Another approach focuses on prevention rather than detection: in Thailand and Laos digital tools provide farmers with information on fire risk and whether conditions are suitable for agricultural burning.
“These examples demonstrate that early-warning technology can be scaled across the region, but technology itself is only a part of the solution.
“It needs to be supported by clear mechanisms, trained personnel, enforcement, firefighting resources, and strong stakeholder participation so that warnings are translated into timely action,” she says.
Lew contends that while an early warning system is one important piece of the puzzle, the real impact is when useful information is combined with strong implementation, enforcement, responsible land management, and cooperation between government, communities, and the private sector.

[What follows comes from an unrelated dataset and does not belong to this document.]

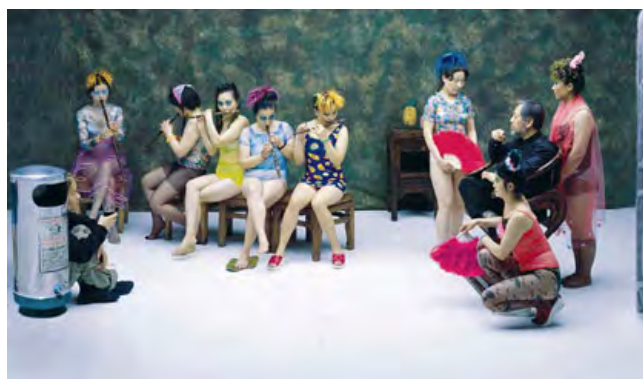
Figure 2.4 Wang Qingsong, the fourth part of Night revels of Lao Li , 2000 Color photograph, 110 x 960 cm

On the Asean Fire Alert Tool, Lew says the wind information is particularly useful because it helps authorities and communities understand the potential direction of smoke movement from areas gutted by fires.
“For instance, ASMC’s wind forecasts can help stakeholders anticipate where smoke haze may potentially travel, enabling them to prepare accordingly,” Lew says, referring to the satellite-based monitoring system used by the Asean Specialised Meteorological Centre.
“Such data does not necessarily predict potential fires, but they provide near-real-time information and indicators of changing fire risk that can support monitoring and decision-making,” she explains.
Lew says in the future, integrating these different datasets with machine learning could potentially improve the ability to identify patterns and forecast areas at higher risk.
However, asked if there are obstacles to further develop the technology, Lew warns there are challenges ahead.
The first is the availability, quality and cost of data.
“Developing a reliable predictive system requires consistent and sufficient detailed data, including weather, rainfall, peatland conditions, hotspot information and historical fire records, and regular and consistent satellite imagery.
“Some of these datasets can also be costly or have restrictions on access and sharing,” she says.
The second challenge is having the technical capacity and resources to manage the system because, says Lew, it is not enough to set up the technology once and leave it running.
“A dedicated team is needed to collect, manage, and analyse the data, maintain and monitor the equipment and systems, interpret the results, and continuously improve the predictive models,” she says.
And, once again, she points out that there must be reaction on the ground.
“Even if a system can accurately identify high-risk areas, the warning will have limited value if there are insufficient resources, personnel or clear procedures to respond.
“Effective enforcement is also important, particularly where fires are associated with illegal or uncontrolled burning,” she says.
Finally, data sharing and timely coordination between different agencies and stakeholders can be challenging, Lew points out.
“Fire and haze management involves government agencies, communities, landowners, and the private sector, and these parties need to be able to share information and respond timely in a coordinated way.
“So the challenge is not simply developing a better prediction model. We need to build the whole system around it – from reliable data and technical capacity, to clear response mechanisms, and timely enforcement.”